Doyle waiting in the rain:









Under way to pick up the train:









Backing down. Talk about an impressive gathering of Lima Superpower:









And ready to head out of town with the beautiful Hiawatha observation:









Then it was time to steam.. Bob fueling Thomas (Note the bubbles from Sir Topham Hat's car):



















SteamTom #2's C-21:









Justin firing his coal-fired K-27 with its new turbogenerator:









Note all the new piping in the cab:










And Bob's GS-4 with #1225 for a backdrop:









Jeff's C-16 with his weathered consist:









Ryan's AC-11(GW) pulling the San Joaquin Daylight:









Stan and Harry observing the proceedings:









John Garrett's beautiful German consist:









Is he happy or what??









Water time for a 4-4-0:









ChilliCharlie with a picture-perfect first run for his AC-12:










Justin and John, part of the #4449 firing and support crew, asked Alan if he could fire his GS-4 (guess what the answer was!!!)









Alan thinking he has died and gone to heaven:











And to top it all off --- Doyle looking over Alan's GS-4 and its Mars light (thanks to ChilliCharliefor the pics with Doyle) :









And signing the inside of the cab roof!!!









Obviously you have to run the San Joaquin Daylight when you are next to *The Mother Ship* (#4449):


















One of the biggest highlights of Rail Fest 2009, *Leviathan *at her very first public showing:









On the turntable:









And with a backup light necessary for FRA approval!!
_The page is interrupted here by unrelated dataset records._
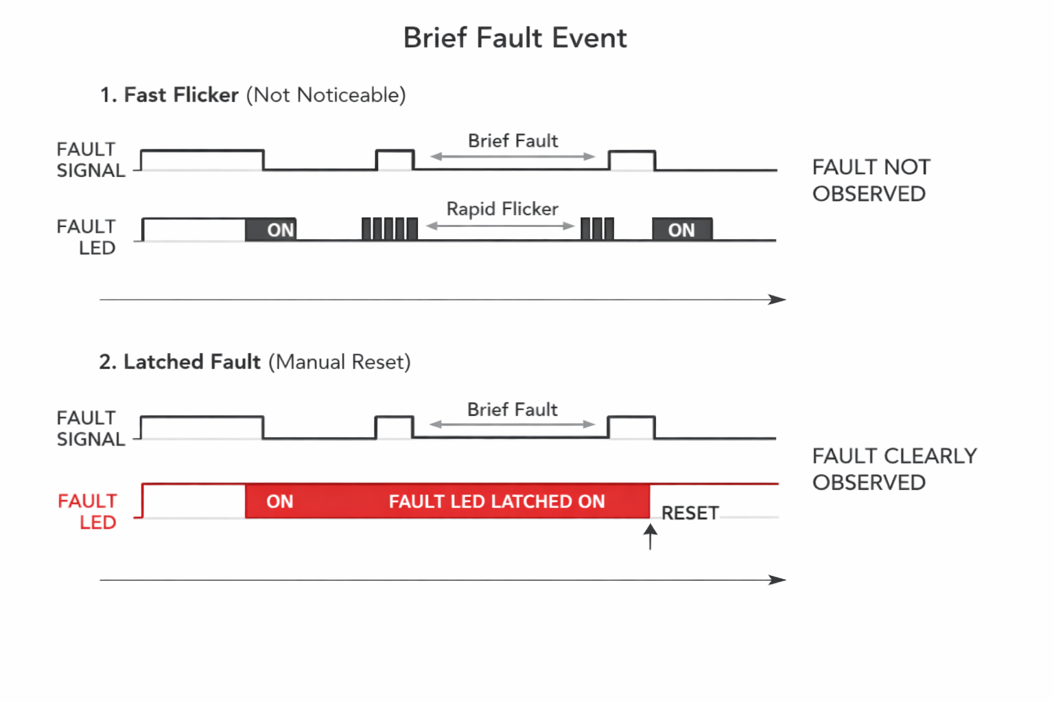 A fault LED that flickers briefly is useless.
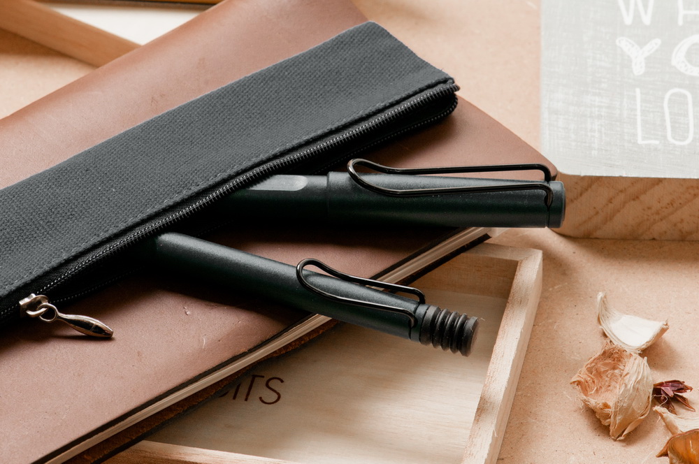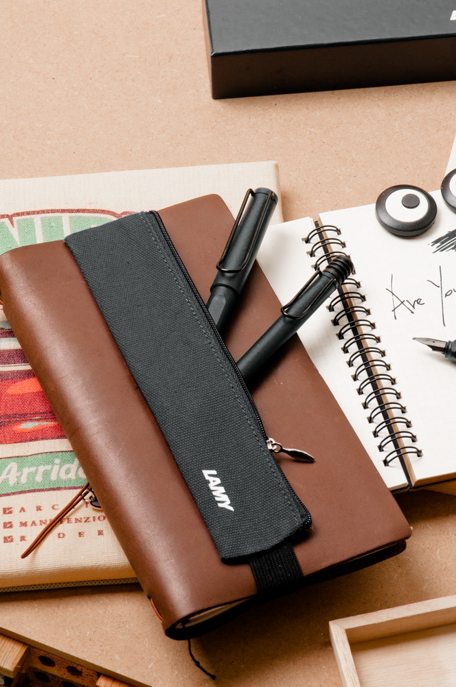 ■LAMY 經典 黑色 束帶A5筆袋 - 全球台灣獨家限定■備註 : 黑色束帶筆袋 ( 含拉鍊 )■束帶筆袋容量最大可裝入LAMY joy喜悅系列鋼筆*2支 / 建議裝一支鋼筆較為實用■束帶筆袋可綁束在手札記事本,束帶適用於A5手札本適用於A5尺寸145*210mm (含以上) ■黑色 - 經典中的經典色*備註:商品照片為示意之用-商品僅筆袋*
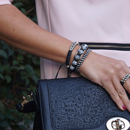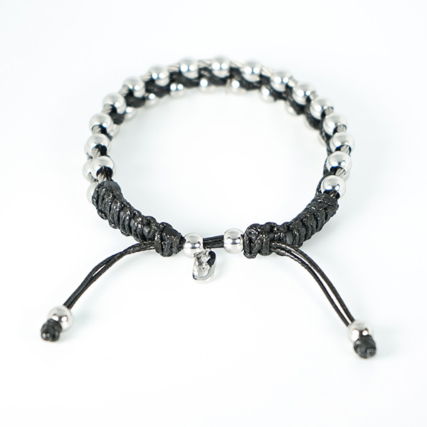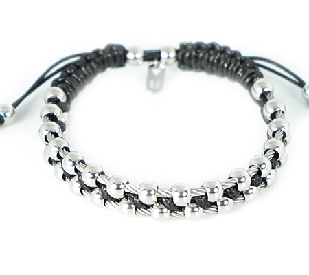 El modelo Siena, hecho a mano, es una pulsera moderna y actual realizada con dos hilos de acero marino A4 y con medias cañas en acero inoxidable 316. La pulsera está unida con hilo encerado estilo cuero y terminada en un cierre ajustable con el logo de la marca en acero.
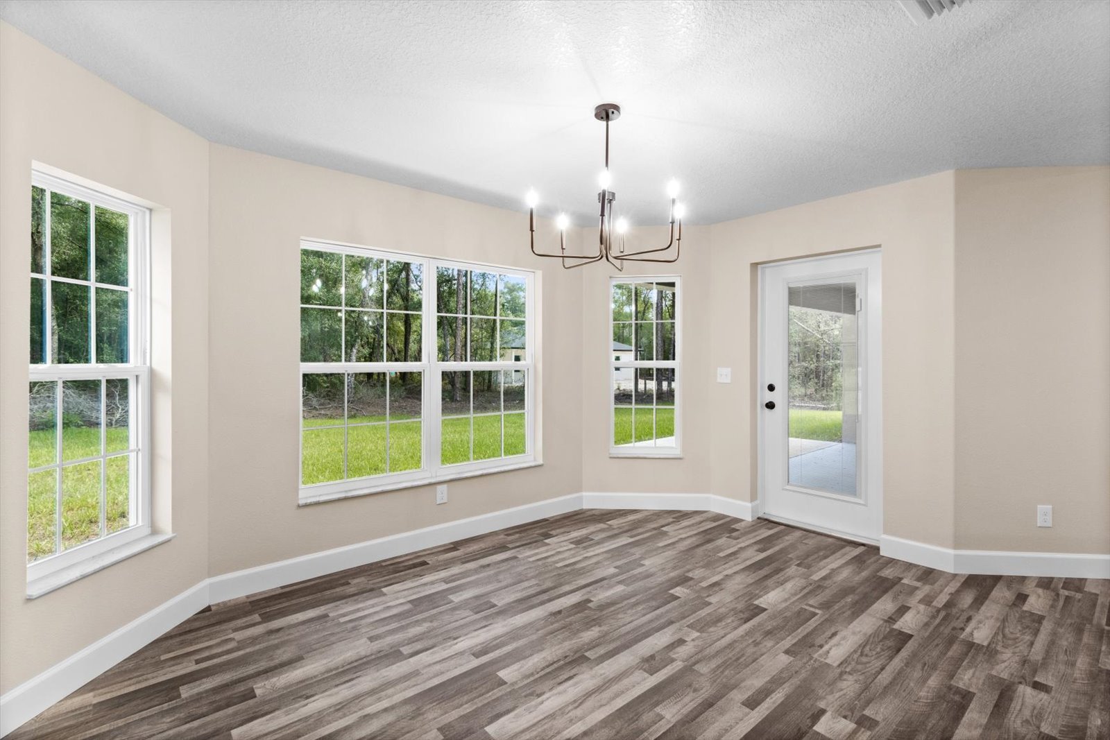 A large corner dining room perfect for entertaining guests while enjoying the backyard view
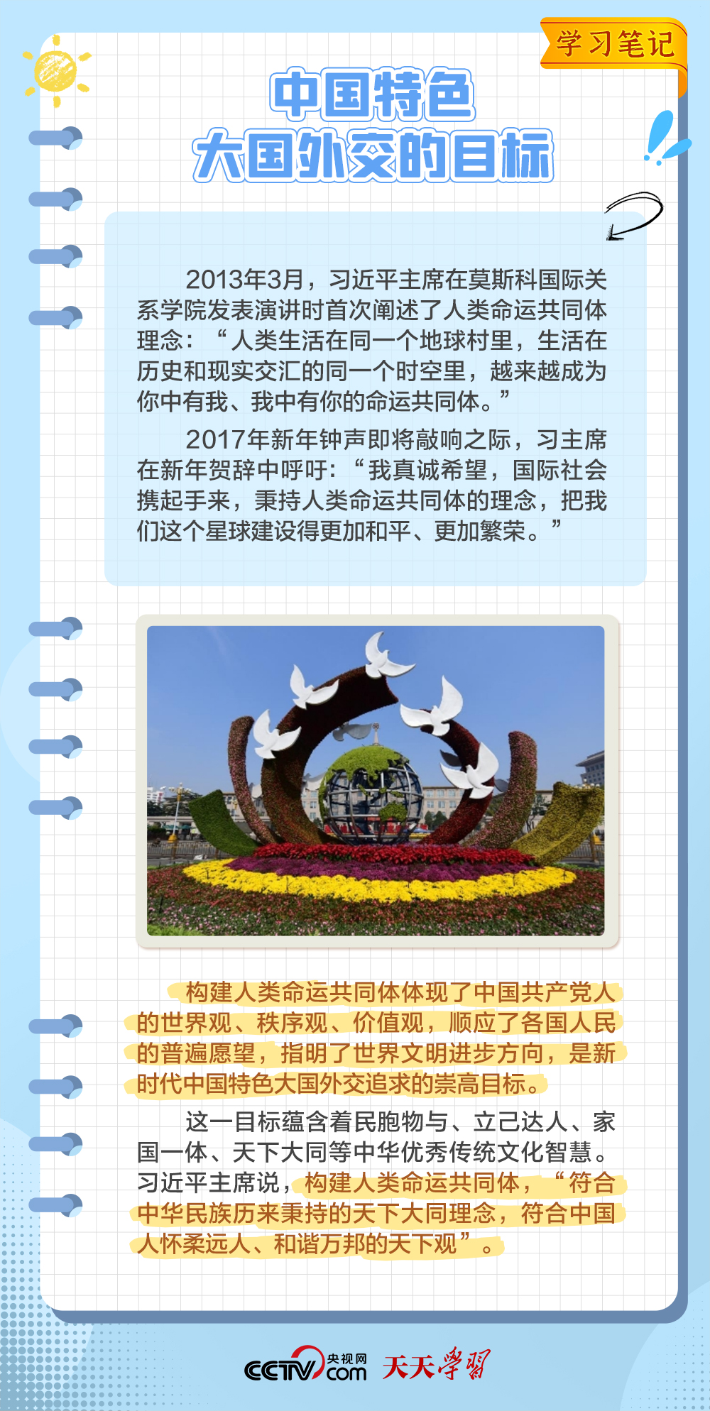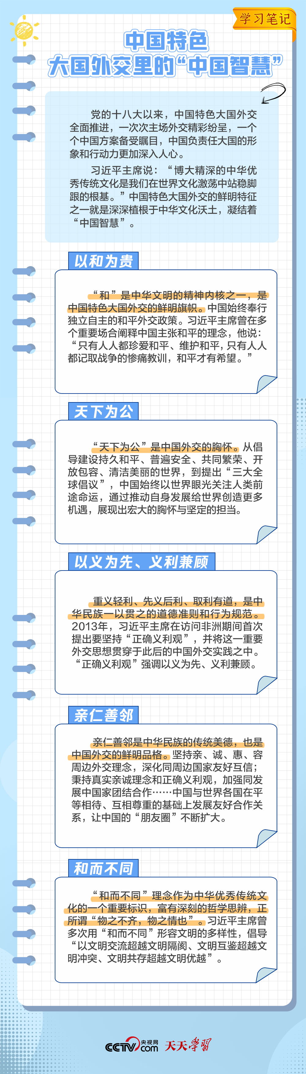 10年來,面對風云變幻的國際形勢,中國特色大國外交扎實推進,形成了全方位、多層次、立體化的外交布局,為我國高質量發(fā)展營造了良好外部環(huán)境。中國特色大國外交提出10周年之際,《學習筆記》特梳理其內涵要義,與您一同感悟其中蘊含的“中國智慧”。
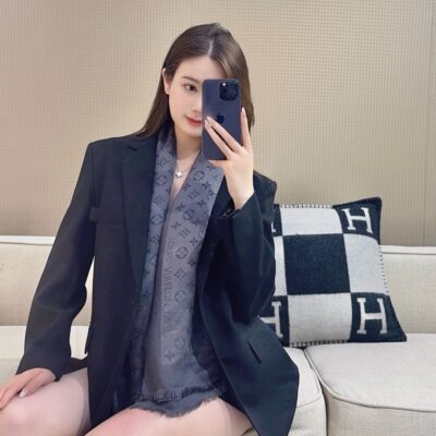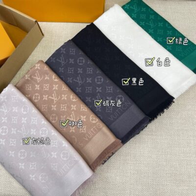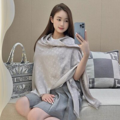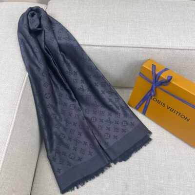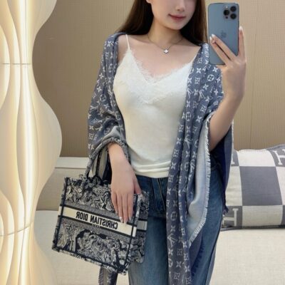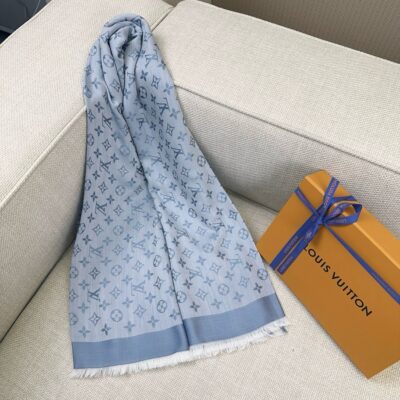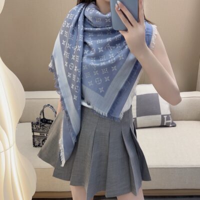 LV Letter Shawl 140x140cm 60% Silk 40% Wool This Monogram Denim shawl uses jacquard technology to present the classic Monogram

And a final picture that really made the trip fun: son Brent with his three boys and Uncle Jeff with his C-16 --- and #4449 in the background:









Thanks again to Bob, SteamTom 1 & 2, Fred, Fritz, John Fuller and all the others that made this possible. It was tough to miss NSS, but with #4449 this event just had to win out!

Best regards,

Alan


----------



## Charles (Jan 2, 2008)

Alan
The event was once in a life time event. One of the most amazing events having the opportunity to steam up and ride the actual "real" locomotive. Then there were the extras with the "fly boys" and Ford exhibit. Thanks for posting the photos.


----------



## aankus (Jan 5, 2008)

great 'shot' of Doyle inquiring about the Live Steam GS 4 ....after being inside the Daylight's cab I felt it's 'complexity' was much more akin to a 747's....a great tribute to it's Drivers ! 
Observing Doyle's 'topside' in picture #2 must indicate the Daylight's Engineer window must be quite short ; > {0


----------



## artgibson (Jan 2, 2008)

Enjoyed all o your pics.
.


----------